____ Information given

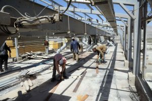 وشكل تراكم كميات كبيرة من الأنقاض والعوائق داخل وخارج بناء الصومعة والذي خلفته المجموعات الإرهابية المسلحة عائقاً في حركة آليات الإصلاح فكانت بداية العمل بترحيل هذه الأنقاض بكمية تقريبية بلغت 6000 متر مكعب من الموقع خاصة من أقبية تجهيزات نقل الحبوب حسب الخطيب الذي يبين أنه يتم العمل الان على تأهيل المنشأ المعدني وترحيل الألواح المعدنية القديمة فيه واستبدالها بألواح “الشاندوتش بانل” الجديدة والتي تقوم الرافعات بتحميلها نظراً لعلو المنشأ المعدني.
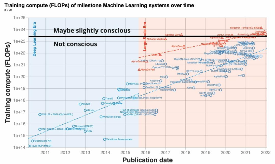 MIT的访问研究学者塔米·贝西罗格鲁在布满了机器学习模型的图表上画了「一条线」,界线以上即是模型「有微弱意识」的程度。
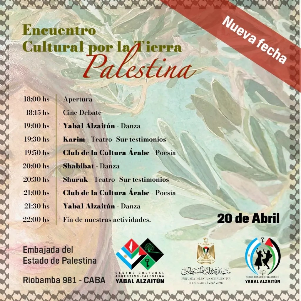 🇵🇸 En un evento que promete ser un puente cultural entre los pueblos, el Centro Cultural Yabal Alzaitún, en colaboración con la Embajada del Estado de Palestina en Argentina, extiende una cordial invitación al público general para el «Encuentro Cultural por la Tierra Palestina».
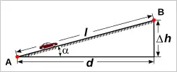 où et sont les altitudes respectives de chacun des 2 points, pris dans la même unité de mesure (exemple : le mètre) et dans le même système de nivellement[b].
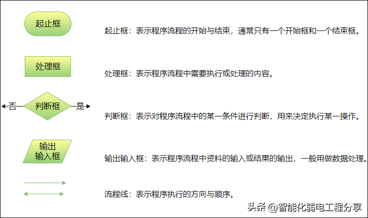 起止框:表示程序流程的开始与结束,通常只有一个开始框和一个结束框。
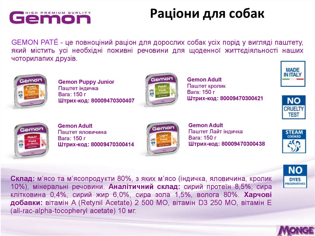 Раціони для собакGEMON PATÉ - це повноціний раціон для дорослих собак усіх порід у вигляді паштету,
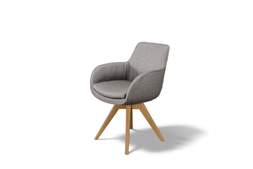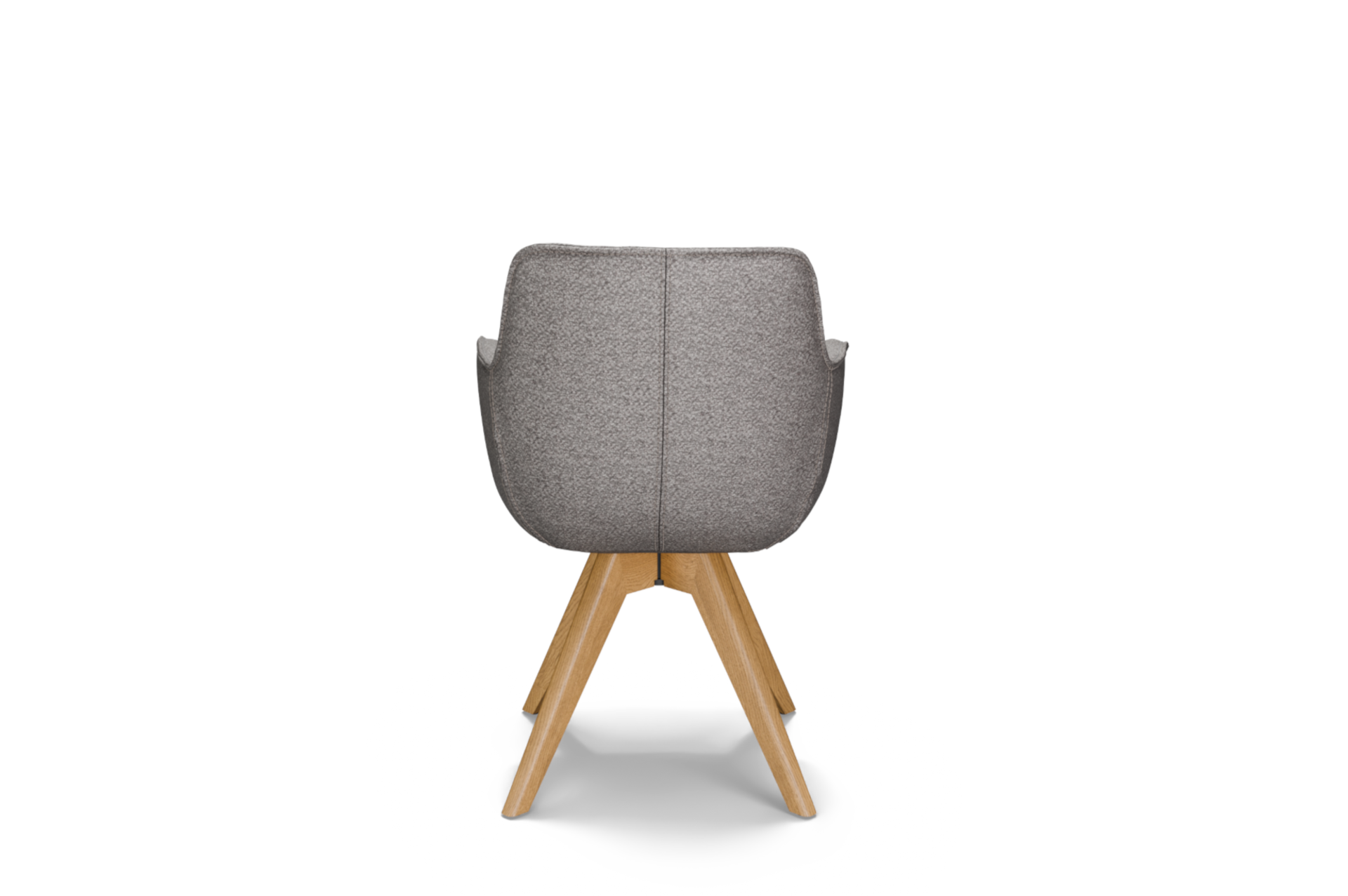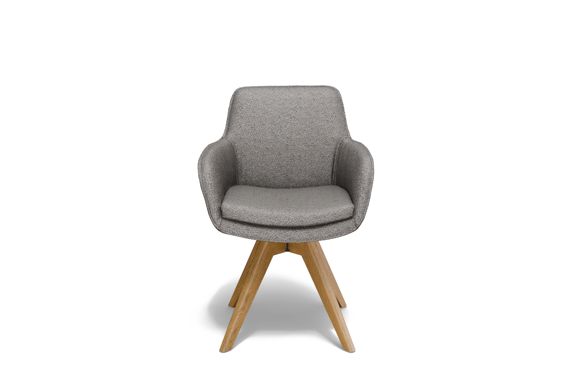Krzesło K-35 to połączenie nowoczesnej formy, wysokiego komfortu siedzenia oraz naturalnych materiałów. Model osadzony jest na stabilnej, czteroramiennej nodze wykonanej z litego drewna dębowego w naturalnym kolorze, która nadaje całości ciepły, ponadczasowy charakter i doskonale wpisuje się zarówno w nowoczesne, jak i klasyczne wnętrza.
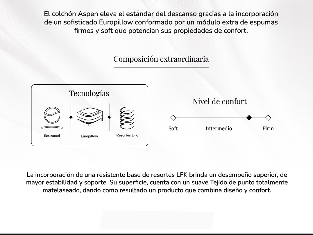 El colchón Aspen eleva el estándar del descanso gracias a la incorporación de un sofisticado Europillow conformado por un módulo extra de espumas firmes y soft que potencian sus propiedades de confort.
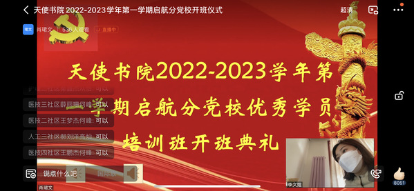 12月31日下午,天使书院通过钉钉直播的方式举办2022—2023学年第一学期启航分党校优秀学员培训班开班典礼。书院党总支书记、院长王芳,副书记、副院长王翡翡,副院长王小珂,书院办公室主任马鹏飞,组织员李文煜及全体育人导师出席会议,521名学员参加会议。会议由组织员李文煜主持。
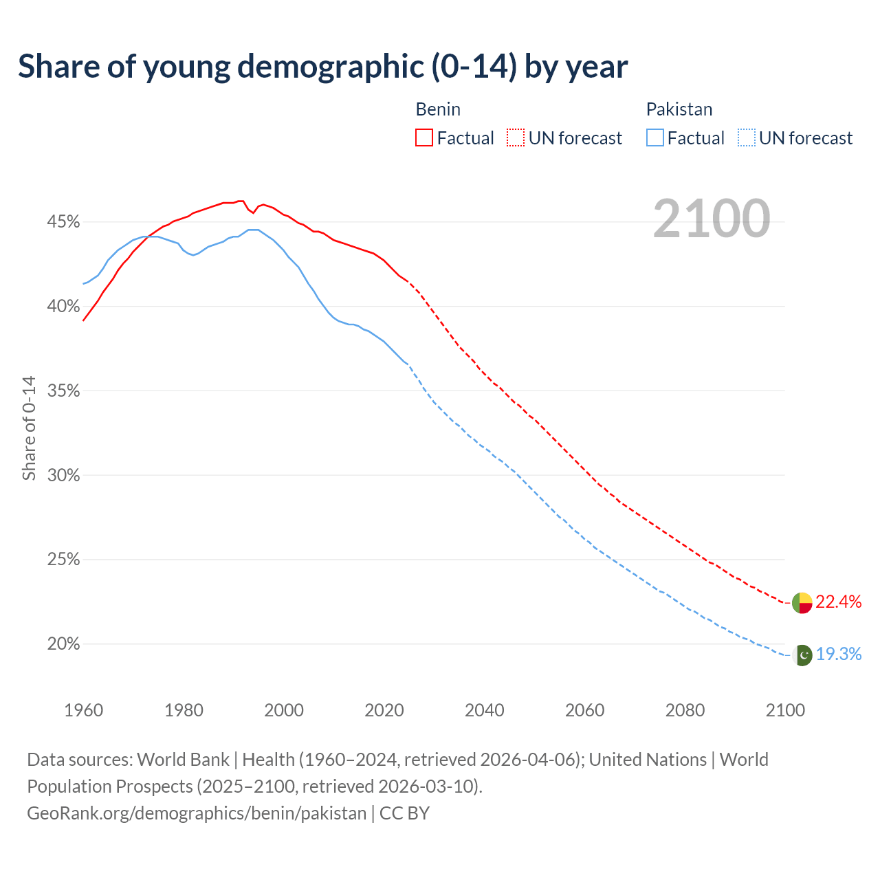 - As of 2026, the population of Benin is 15.3M vs 260M in Pakistan - 17 times difference.
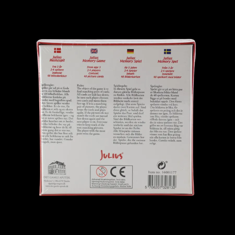 Julius huskespil er et hyggeligt familiespil, der samler både børn og voksne omkring sjov og læring. Spillet består af 48 brikker med søde og genkendelige julemotiver fra Julius’ univers, som skal matches to og to. Det er let at lære og styrker både hukommelse og koncentration på en underholdende måde. Spillet kan spilles af 2-4 deltagere og er velegnet til børn fra 3 år og opefter. Med sit farverige og nostalgiske design er det oplagt som et hyggeligt indslag i juletiden, hvor man kan samles om en sjov aktivitet, der bringer smilet frem hos alle generationer.
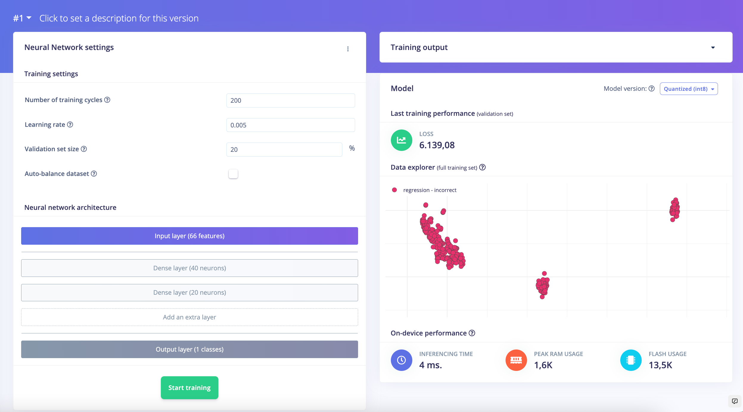 After uploading the training data, Salerno pivoted to the design of the impulse. A relatively large window of three seconds was chosen for splitting the data up to be sure that there was enough information for the model to learn from. A spectral analysis was conducted on the data from each window to highlight the most relevant features in the motion data, and to reduce the computational resources that would be needed later in the analysis pipeline. Finally, regression was chosen for the learning block because the project requires that continuous weight values be predicted. It was recommended that an iterative approach be used to choose the best model design — start with a small, two-layer network and see how it performs. If greater accuracy is needed, increase the size of the network. Starting small ensures that you will have the best performance possible after deploying the model to the physical hardware.

________

What is needed is an exact copy of the data, without any pictures.

 وشكل تراكم كميات كبيرة من الأنقاض والعوائق داخل وخارج بناء الصومعة والذي خلفته المجموعات الإرهابية المسلحة عائقاً في حركة آليات الإصلاح فكانت بداية العمل بترحيل هذه الأنقاض بكمية تقريبية بلغت 6000 متر مكعب من الموقع خاصة من أقبية تجهيزات نقل الحبوب حسب الخطيب الذي يبين أنه يتم العمل الان على تأهيل المنشأ المعدني وترحيل الألواح المعدنية القديمة فيه واستبدالها بألواح “الشاندوتش بانل” الجديدة والتي تقوم الرافعات بتحميلها نظراً لعلو المنشأ المعدني.
 MIT的访问研究学者塔米·贝西罗格鲁在布满了机器学习模型的图表上画了「一条线」,界线以上即是模型「有微弱意识」的程度。
 🇵🇸 En un evento que promete ser un puente cultural entre los pueblos, el Centro Cultural Yabal Alzaitún, en colaboración con la Embajada del Estado de Palestina en Argentina, extiende una cordial invitación al público general para el «Encuentro Cultural por la Tierra Palestina».
 où et sont les altitudes respectives de chacun des 2 points, pris dans la même unité de mesure (exemple : le mètre) et dans le même système de nivellement[b].
 起止框:表示程序流程的开始与结束,通常只有一个开始框和一个结束框。
 Раціони для собакGEMON PATÉ - це повноціний раціон для дорослих собак усіх порід у вигляді паштету,
Krzesło K-35 to połączenie nowoczesnej formy, wysokiego komfortu siedzenia oraz naturalnych materiałów. Model osadzony jest na stabilnej, czteroramiennej nodze wykonanej z litego drewna dębowego w naturalnym kolorze, która nadaje całości ciepły, ponadczasowy charakter i doskonale wpisuje się zarówno w nowoczesne, jak i klasyczne wnętrza.
 El colchón Aspen eleva el estándar del descanso gracias a la incorporación de un sofisticado Europillow conformado por un módulo extra de espumas firmes y soft que potencian sus propiedades de confort.
 12月31日下午,天使书院通过钉钉直播的方式举办2022—2023学年第一学期启航分党校优秀学员培训班开班典礼。书院党总支书记、院长王芳,副书记、副院长王翡翡,副院长王小珂,书院办公室主任马鹏飞,组织员李文煜及全体育人导师出席会议,521名学员参加会议。会议由组织员李文煜主持。
 - As of 2026, the population of Benin is 15.3M vs 260M in Pakistan - 17 times difference.
 Julius huskespil er et hyggeligt familiespil, der samler både børn og voksne omkring sjov og læring. Spillet består af 48 brikker med søde og genkendelige julemotiver fra Julius’ univers, som skal matches to og to. Det er let at lære og styrker både hukommelse og koncentration på en underholdende måde. Spillet kan spilles af 2-4 deltagere og er velegnet til børn fra 3 år og opefter. Med sit farverige og nostalgiske design er det oplagt som et hyggeligt indslag i juletiden, hvor man kan samles om en sjov aktivitet, der bringer smilet frem hos alle generationer.
 After uploading the training data, Salerno pivoted to the design of the impulse. A relatively large window of three seconds was chosen for splitting the data up to be sure that there was enough information for the model to learn from. A spectral analysis was conducted on the data from each window to highlight the most relevant features in the motion data, and to reduce the computational resources that would be needed later in the analysis pipeline. Finally, regression was chosen for the learning block because the project requires that continuous weight values be predicted. It was recommended that an iterative approach be used to choose the best model design — start with a small, two-layer network and see how it performs. If greater accuracy is needed, increase the size of the network. Starting small ensures that you will have the best performance possible after deploying the model to the physical hardware.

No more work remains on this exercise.